- _WHAT THIS TASK INVOLVES_
Scan the records below for the line with "Aporta un aire" and the line with "This PT CC by", and retype that range exactly, both ends included, pictures excepted.

- _PROVIDED INFORMATION_
====

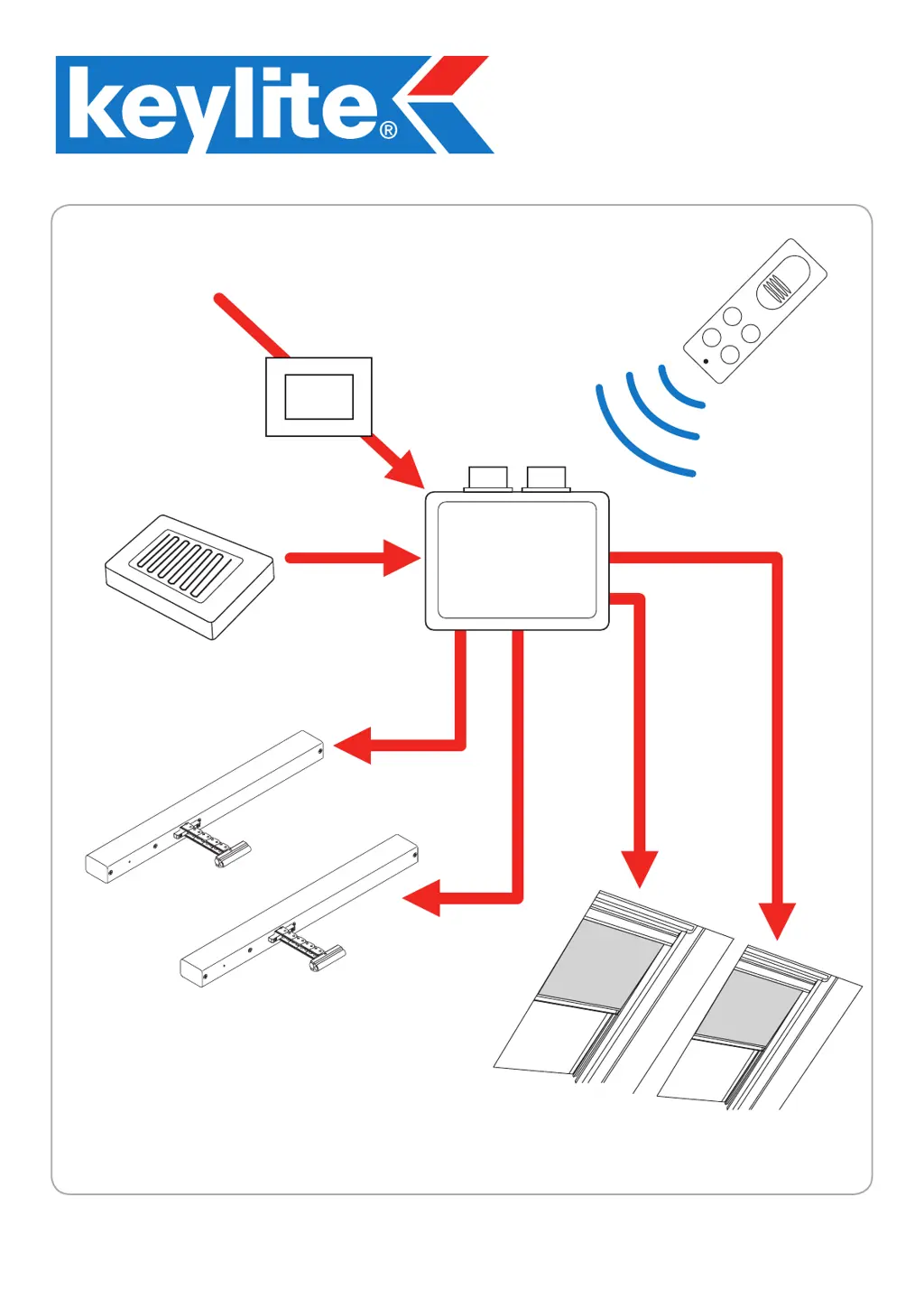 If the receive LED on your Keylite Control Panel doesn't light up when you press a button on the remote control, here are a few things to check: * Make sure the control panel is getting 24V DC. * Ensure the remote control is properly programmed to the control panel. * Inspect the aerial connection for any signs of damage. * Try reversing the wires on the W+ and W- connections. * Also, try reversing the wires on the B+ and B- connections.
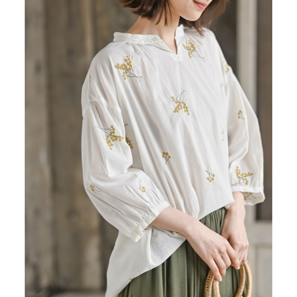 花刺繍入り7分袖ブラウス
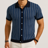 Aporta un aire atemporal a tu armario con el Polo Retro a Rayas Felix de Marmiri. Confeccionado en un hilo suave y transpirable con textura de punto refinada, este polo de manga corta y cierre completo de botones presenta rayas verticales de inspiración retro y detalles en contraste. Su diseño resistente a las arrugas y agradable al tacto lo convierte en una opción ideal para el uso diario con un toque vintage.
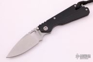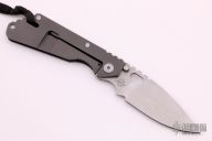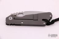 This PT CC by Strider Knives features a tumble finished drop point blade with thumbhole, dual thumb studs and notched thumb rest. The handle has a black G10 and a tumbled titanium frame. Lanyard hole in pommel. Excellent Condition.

====

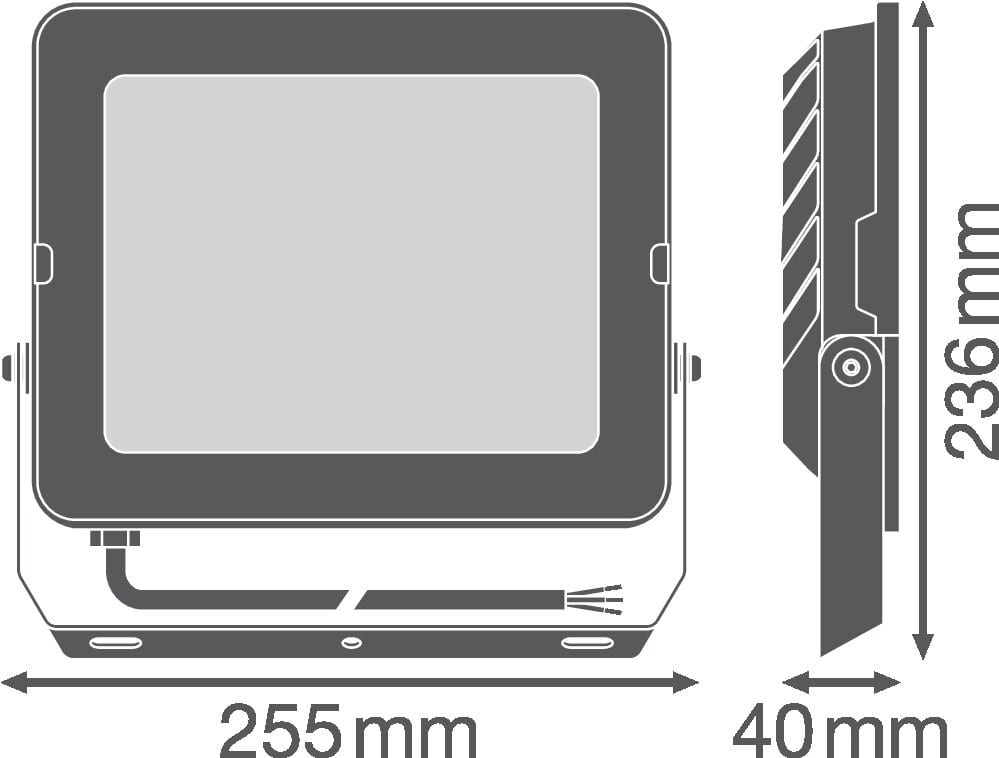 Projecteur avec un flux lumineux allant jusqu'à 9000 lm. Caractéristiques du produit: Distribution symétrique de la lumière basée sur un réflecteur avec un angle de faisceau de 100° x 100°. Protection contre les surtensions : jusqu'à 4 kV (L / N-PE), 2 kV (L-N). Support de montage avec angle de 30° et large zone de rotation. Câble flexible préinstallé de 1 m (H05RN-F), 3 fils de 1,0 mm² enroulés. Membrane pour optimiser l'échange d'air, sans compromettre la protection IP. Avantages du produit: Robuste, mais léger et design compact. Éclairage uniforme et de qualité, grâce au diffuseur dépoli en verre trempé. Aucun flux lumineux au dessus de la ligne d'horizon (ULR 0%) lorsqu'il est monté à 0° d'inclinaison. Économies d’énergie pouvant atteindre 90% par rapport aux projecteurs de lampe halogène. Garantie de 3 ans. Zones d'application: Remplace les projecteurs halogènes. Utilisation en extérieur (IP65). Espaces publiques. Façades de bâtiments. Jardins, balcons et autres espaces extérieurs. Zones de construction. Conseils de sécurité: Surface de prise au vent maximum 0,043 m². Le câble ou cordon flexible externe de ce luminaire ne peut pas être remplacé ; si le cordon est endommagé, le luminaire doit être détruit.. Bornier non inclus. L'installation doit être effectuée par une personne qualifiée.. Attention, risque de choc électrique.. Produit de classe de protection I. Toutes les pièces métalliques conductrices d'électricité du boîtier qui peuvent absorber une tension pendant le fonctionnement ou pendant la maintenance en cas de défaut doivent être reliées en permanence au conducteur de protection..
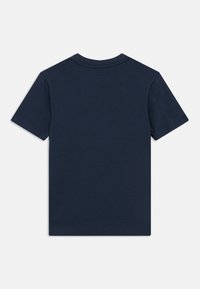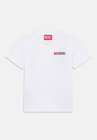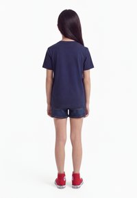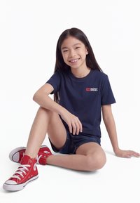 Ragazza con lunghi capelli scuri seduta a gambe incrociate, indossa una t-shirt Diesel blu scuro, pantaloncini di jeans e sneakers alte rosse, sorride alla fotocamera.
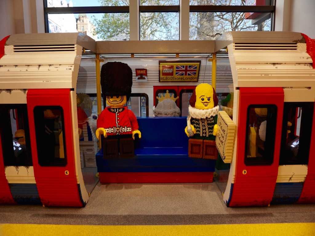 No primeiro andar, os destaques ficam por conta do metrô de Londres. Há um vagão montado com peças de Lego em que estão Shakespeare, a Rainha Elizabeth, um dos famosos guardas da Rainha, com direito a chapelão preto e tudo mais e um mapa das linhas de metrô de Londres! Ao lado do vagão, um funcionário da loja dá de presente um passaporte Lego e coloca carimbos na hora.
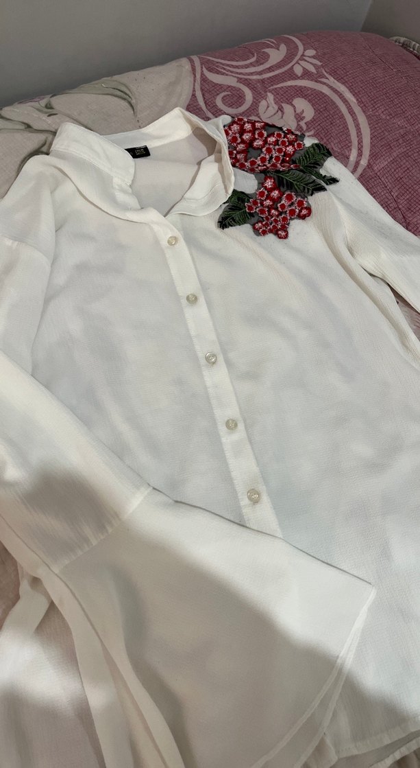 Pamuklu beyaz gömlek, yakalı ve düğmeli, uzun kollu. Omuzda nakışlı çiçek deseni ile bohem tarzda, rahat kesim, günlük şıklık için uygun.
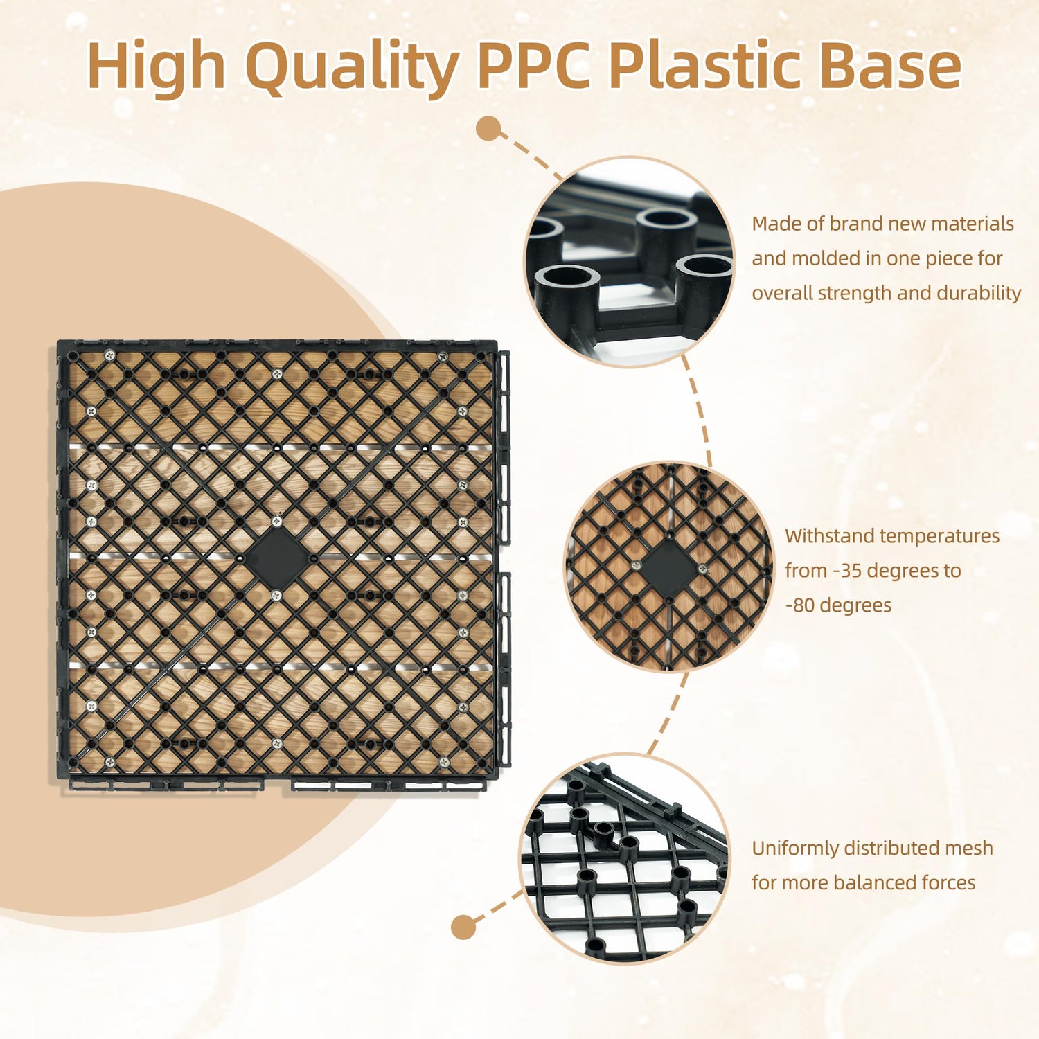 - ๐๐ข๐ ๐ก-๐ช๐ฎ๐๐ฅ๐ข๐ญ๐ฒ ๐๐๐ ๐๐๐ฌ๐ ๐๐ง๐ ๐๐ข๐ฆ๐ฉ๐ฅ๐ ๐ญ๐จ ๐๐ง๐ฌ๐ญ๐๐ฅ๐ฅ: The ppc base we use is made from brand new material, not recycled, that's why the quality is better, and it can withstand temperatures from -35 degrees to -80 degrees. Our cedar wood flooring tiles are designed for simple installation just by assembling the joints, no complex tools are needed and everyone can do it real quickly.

====

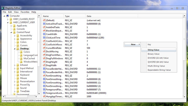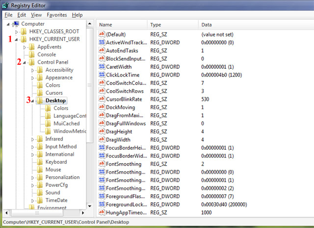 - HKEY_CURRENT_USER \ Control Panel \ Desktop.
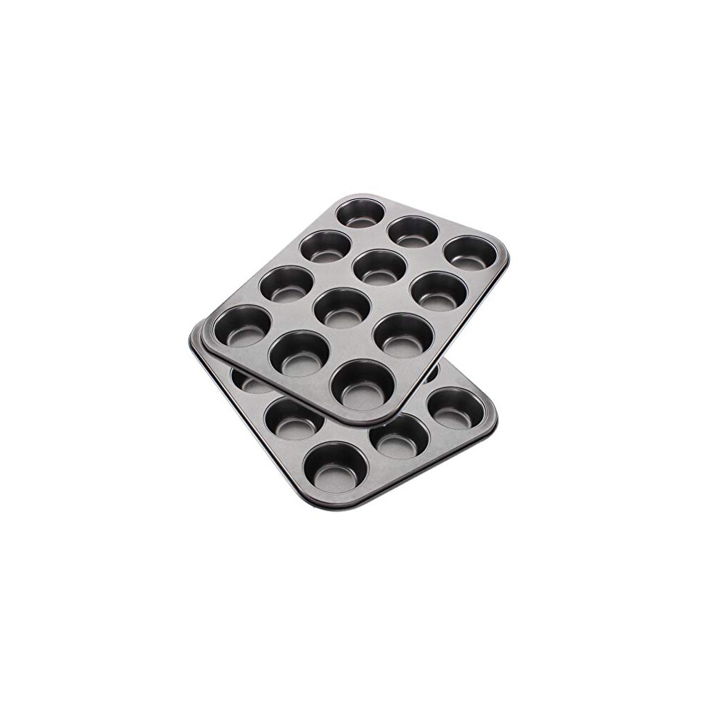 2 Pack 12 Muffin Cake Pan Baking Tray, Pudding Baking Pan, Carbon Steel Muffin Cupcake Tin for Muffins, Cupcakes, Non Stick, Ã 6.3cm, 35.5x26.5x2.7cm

====

- _TASK OUTPUT_
 Aporta un aire atemporal a tu armario con el Polo Retro a Rayas Felix de Marmiri. Confeccionado en un hilo suave y transpirable con textura de punto refinada, este polo de manga corta y cierre completo de botones presenta rayas verticales de inspiración retro y detalles en contraste. Su diseño resistente a las arrugas y agradable al tacto lo convierte en una opción ideal para el uso diario con un toque vintage.
 This PT CC by Strider Knives features a tumble finished drop point blade with thumbhole, dual thumb studs and notched thumb rest. The handle has a black G10 and a tumbled titanium frame. Lanyard hole in pommel. Excellent Condition.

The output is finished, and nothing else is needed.